English food culture has been beef-based for a long time; at least as long as horses were able to replace oxen as draft animals. When English people came to America as colonists, they brought with them several culinary expectations, one of which was that beef would continue to be the center of their dietary experience.

Unfortunately, things didn’t quite work out that way. The cattle the settlers brought over with them had a lot of trouble adapting to the new climate and new sources of food (cows can be pickier than people when it comes to that kind of thing), and maintaining a stable cow population was rough going for a while. Instead, the settlers turned to a heretofore undervalued resource: the pig. Unlike cows, pigs really don’t care what they eat, breed quickly, and are smart and clean enough not to require a whole lot of attention. Pigs took to the New World so well, in fact, that they became something of a local nuisance with half-feral  hogs breaking down fences, digging up crops, and attacking people in the street (needless to say, early Colonial promotional literature stays diplomatically silent on the subject of vicious gangs of rogue pigs, though court documents paint a horrifying picture of the porcine criminal class).

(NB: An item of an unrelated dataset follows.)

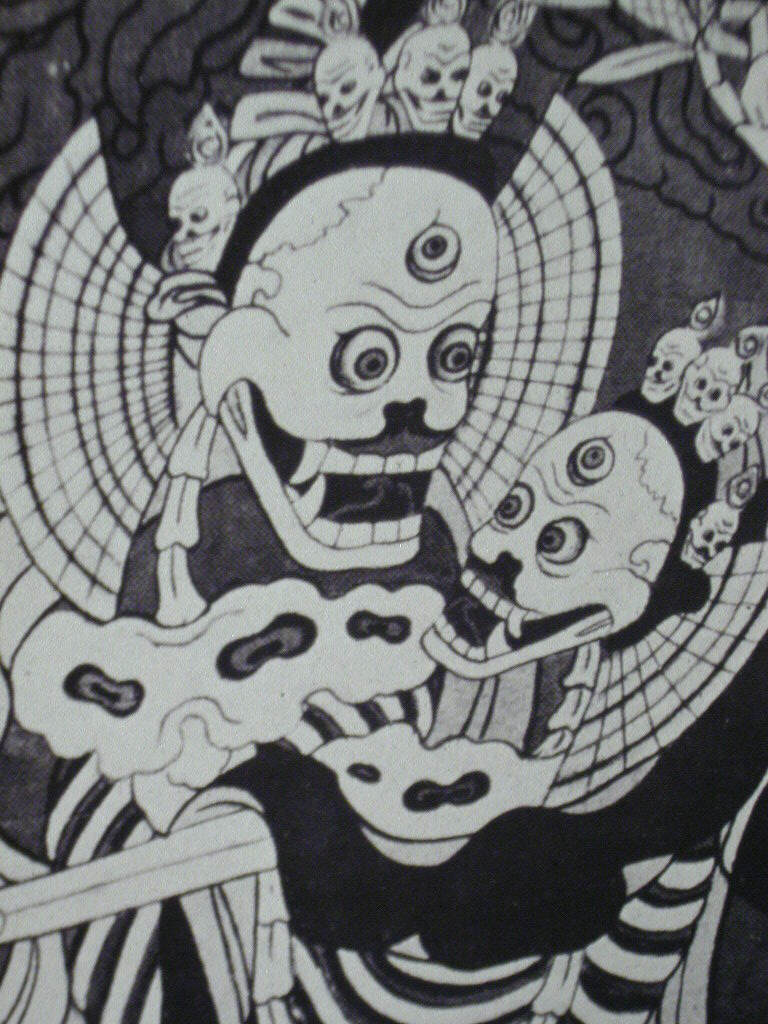 Visiones del bardo: Herukas con cabezas cortadas (banderas tibetanas

Wether because of their reputation as violent walking garbage disposals, or simple Anglo-Norman culinary preference (food snobbery is a universal human trait, but it’s worth noting that hog is one of only eight wholly Celtic words remaining in the modern English language), Pigs were traditionally a “lower class” meat source in Britain. Fortunately, self-preservation is also a universal human trait, and pork became a staple source of meat and fat for all classes in America until beef could reliably be acquired. By the 18th Century, Americans and American foodways were undergoing a very conscious process of Anglicization as colonists tried to demonstrate their cultural solidarity with the Mother Country by buying and eating British (and as Chris Onstad says, there’s nothing more British than a man sick on beef), but pork remained a staple element of the American diet to a degree that set it apart, especially in the Chesapeake and Deep South.

As to what you’d actually be eating if you stopped for a bite back then, Hannah Glasse suggests this method of roasting:

Pork must be well done, or it is apt to surfeit. To every pound allow a quarter of an hour…When you roast a loin, take a sharp pen-knife and cut the skin across, to make the crackling eat the better…. Roast a leg of pork thus: take a knife, as above, and score it; stuff the knuckle part with sage and onion, chopped fine with pepper and salt: or cut a hole under the twist and put the sage &c. there and skewer it up with a skewer. Roast it crisp, because most people like the rind crisp, which they call crackling.

For modern purposes this version of Hannah Glasse’s original, from Lobscouse and Spotted Dog, is excellent:

Roast Pork

  • 1 half leg of pork with skin, about 8 lbs
  • 1 tbs fresh sage
  • 1 recipe Sage and Onion Stuffing
  • Flour for dredging

Preheat oven to 450 degrees. Bone the pork (if necessary) and sew or skewer one end together to make a pocket for the stuffing. Spoon stuffing into the cavity and sew or skewer opening. Using twine or string, tie roast into a an oblong package. Dredge with flour and place in oven. Immediately reduce heat to 350 degrees and roast for about an hour.

Remove roast from oven and carefully score skin in one-inch squares. Tear sage into small pieces and stuff into cuts. Return to oven and roast for two more hours, or until it reaches an inside temperature of 160 degrees. Let rest at least 15 minutes before carving.

Sage and Onion Stuffing

  • 1 large onion, peeled
  • small handful fresh sage
  • 1/4 lb stale French bread, crumbled
  • 1 tsp dry mustard
  • 1 egg
  • salt and pepper

Blanch onion in boiling water for five minutes. Add sage and cook 30 seconds more. Strain and chop coarsely. Add bread, mustard, egg, and salt and pepper to taste. Mix well. Makes enough for an 8 lb roast.

The roast...complete!

The mustard adds a definite bite to this one. For authentic tavern fare, serve it with some applesauce or brown onion sauce, and perhaps some Carolina rice. Or cheat and use wild rice.